Huhuhu~
It's that time of the semester again... A year ago, it was all really enjoyable.
As a first year, taking Uni exams for the very first time. But at that time, honestly, I couldn't get my head in the game academically. So my CAP suffered a lot.
But also, reading week was a memorable one. And during this period, I think back to a year ago at times. Often I wished things could be the same as they were a year before.
Like, having the 31st around me. The numerous stayovers in the clubroom with the people. Studying till late in the clubroom. Watching Fringe with Leonard.
Stuff like that, yeah.
Except that things aren't the same now.
Even though I do accept that things change, I still wished I had another chance to relive the 31st life.
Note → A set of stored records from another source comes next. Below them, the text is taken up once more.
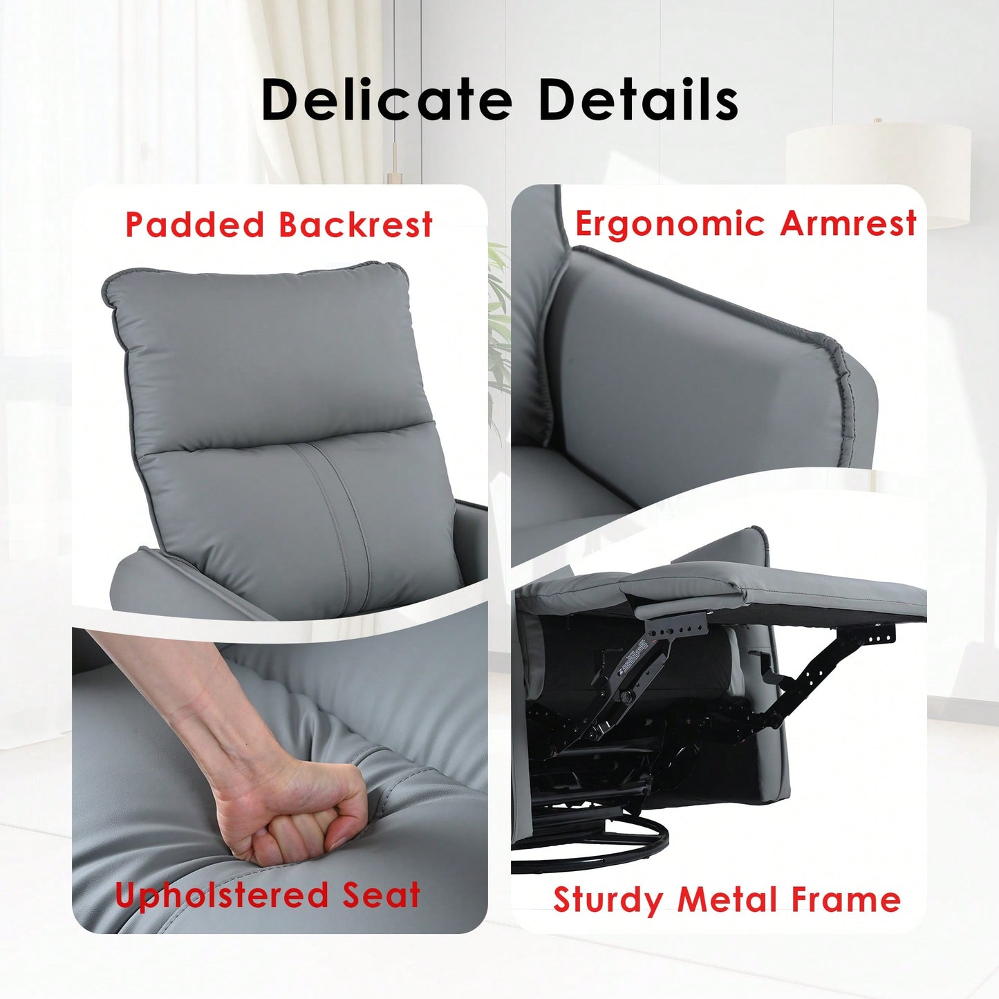 **Key Features:** - 360-degree swivel function for versatile seating and reclining - Rocking motion for relaxation during conversations or movie watching - Pull buckle for easy reclining and adjustable footrest for comfort - Soft PU surface with overstuffed cushions for family-friendly use - Convenient side pockets for storing remote controls and magazines **Product Description:** This modern rocking recliner chair combines style and functionality, making it perfect for any living space. With a 360-degree swivel feature, you can easily turn to engage with others or to enjoy your favorite shows. The chair rocks gently, providing a soothing motion while you relax. The reclining function allows you to stretch out comfortably, and the extendable footrest adds to your lounging experience. Crafted with a soft PU surface and thick high-density sponge cushions, this chair ensures comfort and durability. The sturdy metal and wood frame supports up to 330 lbs, making it suitable for various users. Assembly is straightforward with included instructions, and customer support is available for any questions or concerns. **Specifications:** - Weight Capacity: 330 lbs - Material: PU surface, high-density sponge, metal and wood frame - Features: 360° swivel, reclining, rocking, extendable footrest, side pockets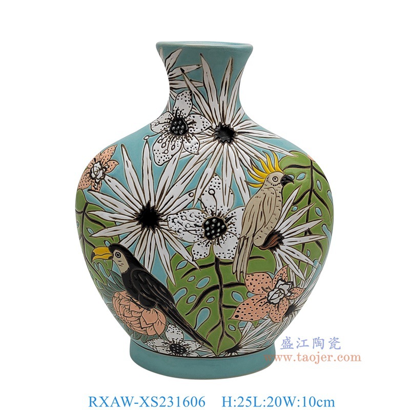产 品 名 称:蓝底花鸟花瓶罐子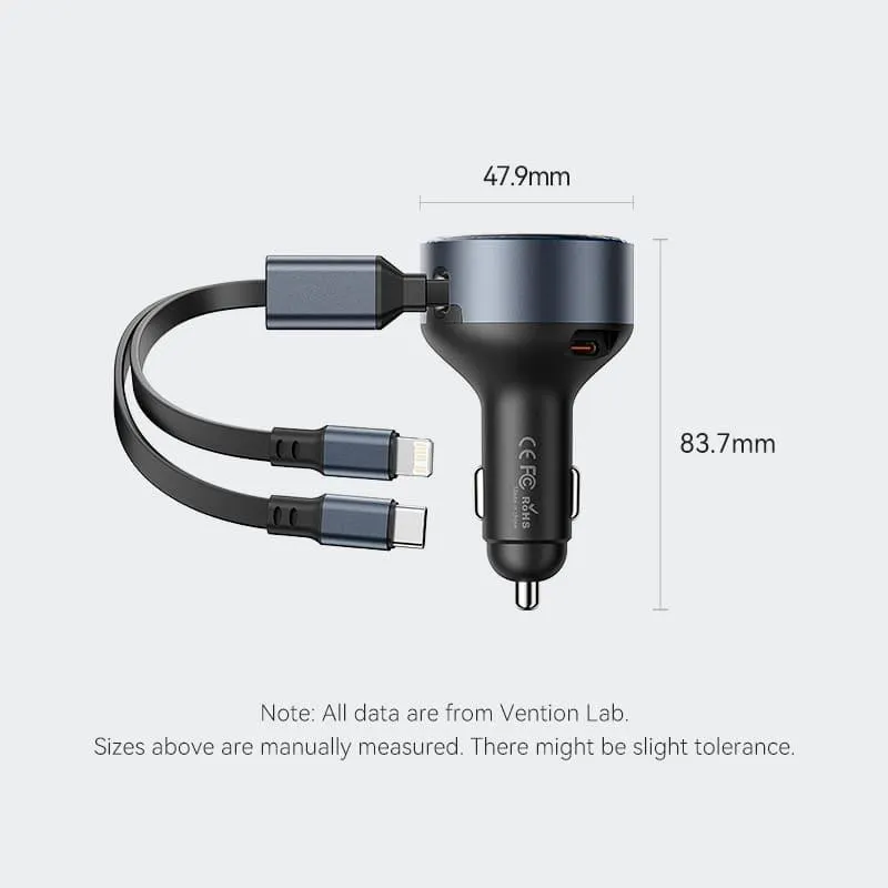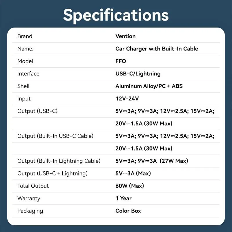 - VENTION FFOB0. CHARGER TYPE: AUTO, POWER SOURCE TYPE: CIGAR LIGHTER, CHARGER COMPATIBILITY: UNIVERSAL, USB TYPE-C PORTS QUANTITY: 1. PRODUCT COLOUR: BLACK, BLUE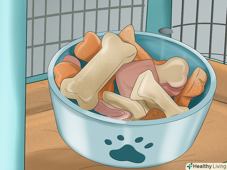 Розкладіть в клітці іграшки. якщо у собаки є улюблена іграшка, покладіть її всередину, щоб собака бачила, що клітка - це приємне місце. [6] Слідкуйте за тим, щоб все, що потрапляло в клітку, було досить міцним, щоб собака не могла погризти і проковтнути іграшку. Ви ж не хочете, щоб шматок іграшки потрапив в кишечник і закупорив його.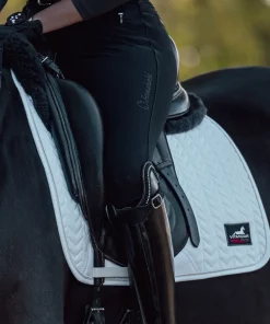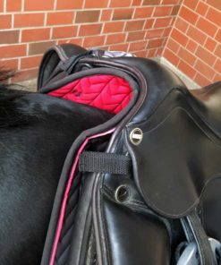 The inside is made of breathable cotton, which absorbs sweat well. An abrasion-resistant patch in the girth area protects the saddle pad from chafing from the girth. The back line is ergonomically shaped and offers a good fit even with a high withers.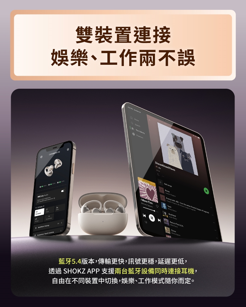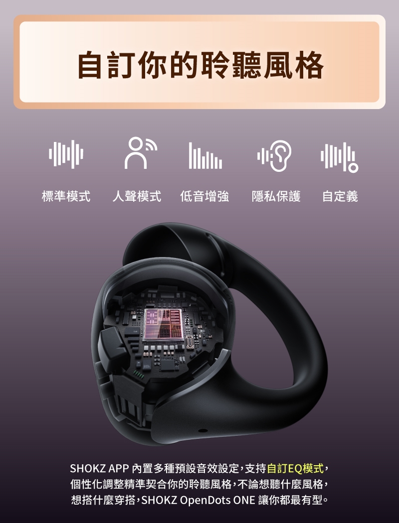 ● 搭配 SHOKZ App 使用,自訂 EQ 、按鍵功能及查找耳機。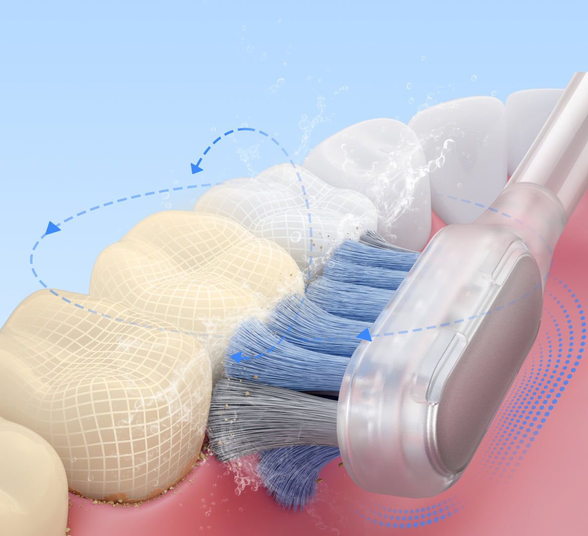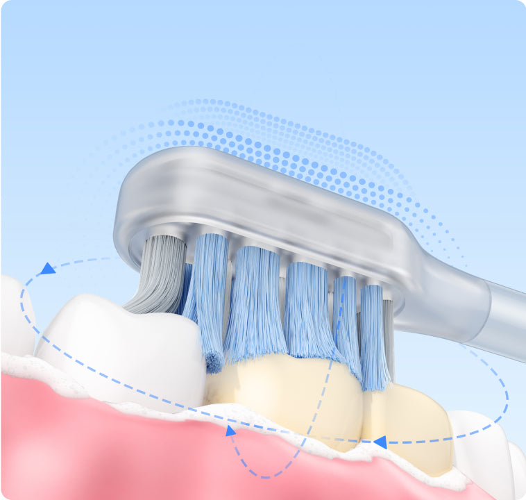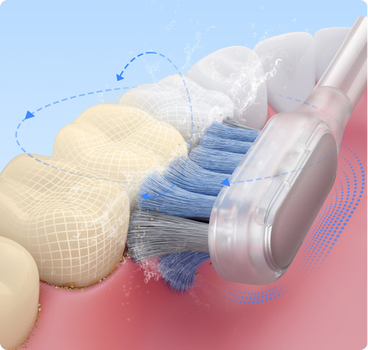 Rozšířené štětiny dosahují daleko ke zadním zubům do 0,01mm* do mezer mezi zuby a dásněmi, zatímco tvarované štětiny obklopující zuby efektivně čistí gingivální sulcus.

I wished we were all still together, being happy together, unlike now where everyone is mostly scattered around. People who never return to the clubroom anymore, people who changed faculties, person who left the school entirely.
And people... change. Some even more so than others.
At times I wonder if everything was my fault. And if I were to take the blames, if everything would be better?
Things.
Only if.
And trust.
After all these, I wonder if I should just stop trusting others. It's taken quite a bit of effort and time for me to open up to the way I am now. Yet trust gets betrayed again and again.
I used to say to myself once, determined, that I will always trust others because by doing so it gives them confidence to do their very best. It gives others someone who believes in them, and I felt that it would be natural for them to treat me as a friend they'd protect.
After all, I don't know if I can do the same again.
But I have come a long way. I did gain self-confidence, and that to me is already an achievement.